The etiology of the name for this sauce is a bit murky but it does have a colorful past. According to one story, sugo alla Puttanesca was invented in the 1950s by the owner of a famous Ischian restaurant. When near closing one evening the owner found a group of hungry friends sitting at one of the tables. He was low on ingredients and told them he didn't have enough to make them a meal. They complained that it was late and they were hungry. "Facci una puttanata qualsiasi" or “make any kind of garbage,” they insisted. (In this usage, puttanata is a noun meaning garbage or something worthless even though it derives from the Italian word for whore, puttana.) The owner only had tomatoes, olives and capers; basic ingredients for the sugo. And those are still the primary ingredients for the sauce.

Made of ingredients found in most Italian larders, this dish is also known as sugo alla buona donna - or 'good woman's sauce’. It was also said that it was a quick, cheap meal that prostitutes could prepare between customers. So the story goes. But the sauce is terrific.

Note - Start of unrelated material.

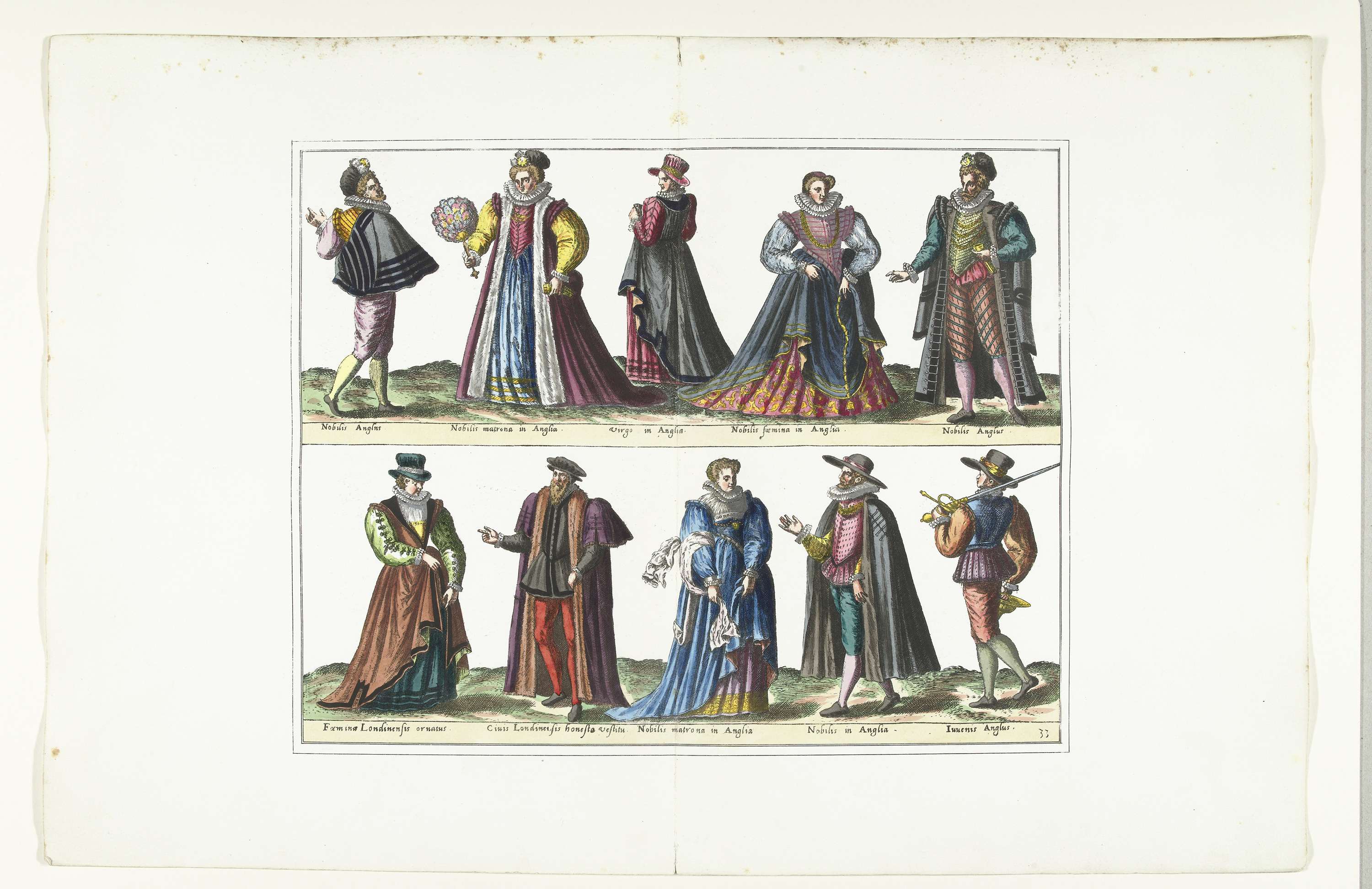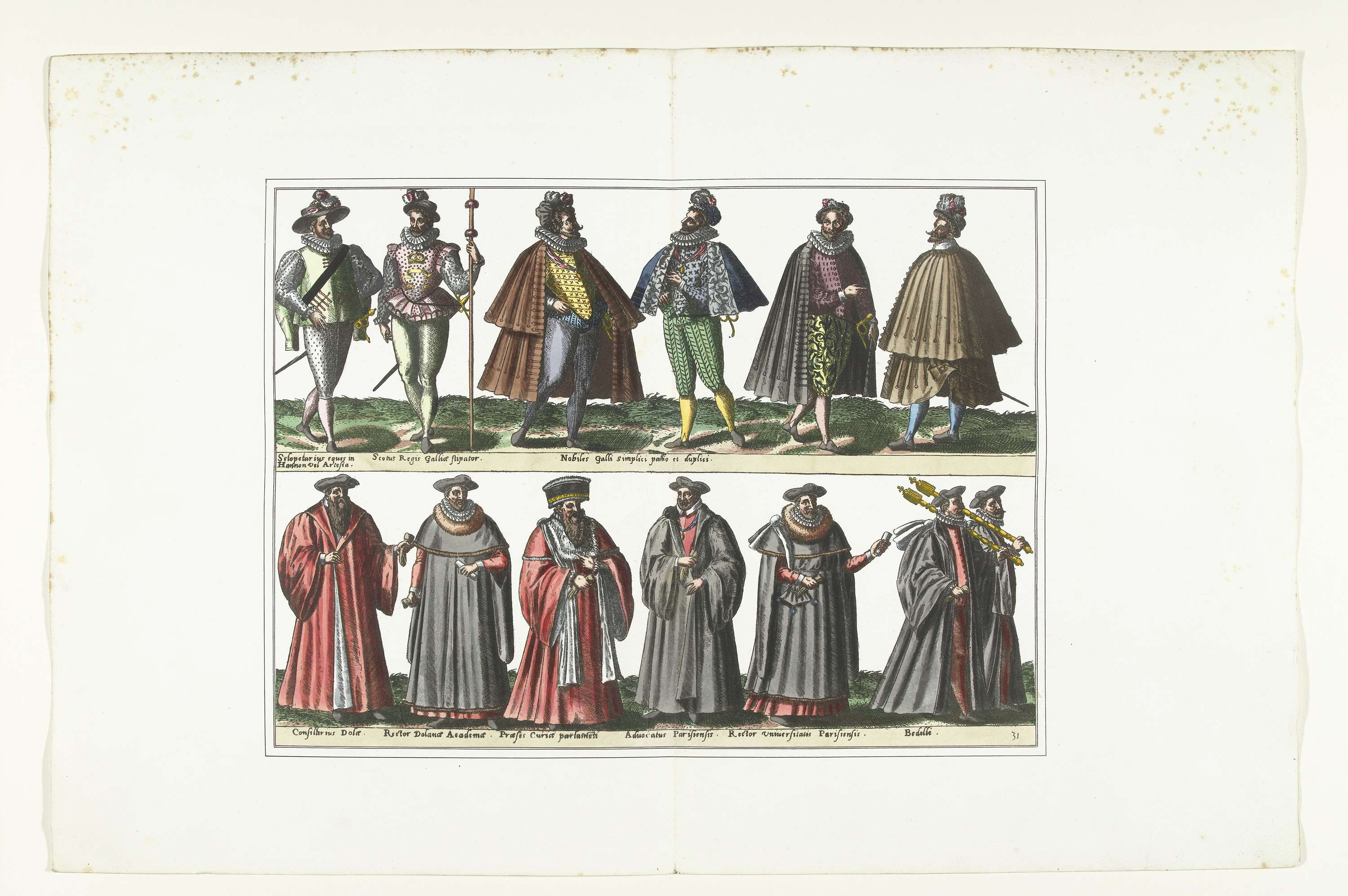 Dubbele plaat met twaalf mannen gekleed volgens de F...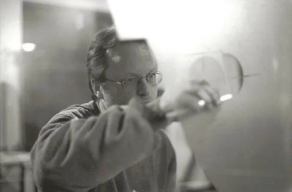 - Entwurfsskizzen, Farbproben und Materialtests legten die Bildidee im Glas fest.

3 tablespoons extra virgin olive oil
1 onion, finely chopped
2 cloves garlic, finely chopped
4 anchovy fillets, chopped
1 small fresh red chili, seeded and chopped
2 teaspoons salted capers, rinsed and drained
8 pitted black olives, quartered
14 oz (420g) canned tomatoes, coarsely chopped
½ teaspoon sea salt
¼ teaspoon freshly ground black pepper
1 tablespoon finely chopped fresh flat-leaf parsley

Heat the oil in a frying pan over medium heat and cook the onion for 6 minutes, stirring occasionally.
Add the garlic and anchovies and cook for another minute, stirring to break up the anchovies. Add the chili, capers, olives, and tomatoes, salt and pepper, and bring to the boil.
Reduce the heat to medium-low and simmer uncovered, for 10 minutes, stirring occasionally. Cook your pasta of choice then drain the pasta and stir into the heated sauce.
Top with chopped parsley and the reserved tablespoon of olive oil, and toss together gently to combine.

Bechamel sauce and variations

The last sauce is for a white sauce or bechamel sauce that can be flavored with a variety of ingredients to enhance the particular pasta dish being served. It is particularly good with lighter ravioli, tortellini, or other filled pastas. We serve pumpkin ravioli with a version of this sauce that incorporated walnuts and a bit of Marsala wine.

The basic bechamel sauce is very simple but needs to be watched to ensure that it doesn’t scorch or thicken too much.

Put three tablespoons of butter in a frying pan over medium heat to melt.
When butter is melted but NOT brown, add three tablespoons of flour
With a whisk, stir the flour into the butter until it has combined and no raw flour is visible.
Cook for about two to three minutes over low heat to cook out the flour taste
Heat 1-2 cups of milk in a sauce pan and add one cup to the butter mixture and whisk in.
It will thicken quickly, add salt and ground white pepper to taste.
If the sauce is too thick add a bit more warm milk.

Don’t worry about it being too thin, It will get thicker.

To make a cheese sauce, add ½ to ¾ cup of grated cheese (combine Parmigiano-Reggiano and a meltable cheese) and stir until melted.

To make a walnut sauce, add 2 tablespoons of Marsala (optional) and ½ cup finely chopped walnuts. Add a 1/8 tsp of ground nutmeg. Stir and combine to thicken.

Another version of a cheese sauce is a simple mixture of melted butter (4 Tablespoons), 4 ounces of Gorgonzola cheese, cream, grated nutmeg and a good grind of black pepper. Add 1 cup of cream to the melted butter, add the cheese and the pepper and nutmeg. Stir until thickened and cheese has melted and serve over meat filled or cheese filled tortelloni or tortellini for one of the best “Mac and cheese” dishes of all time.

So there are some sauce recipes. Great flavors, seasonings and textures. Enjoy a bit of pasta occasionally with a group of friends. Your life will be better for it.  Mangia.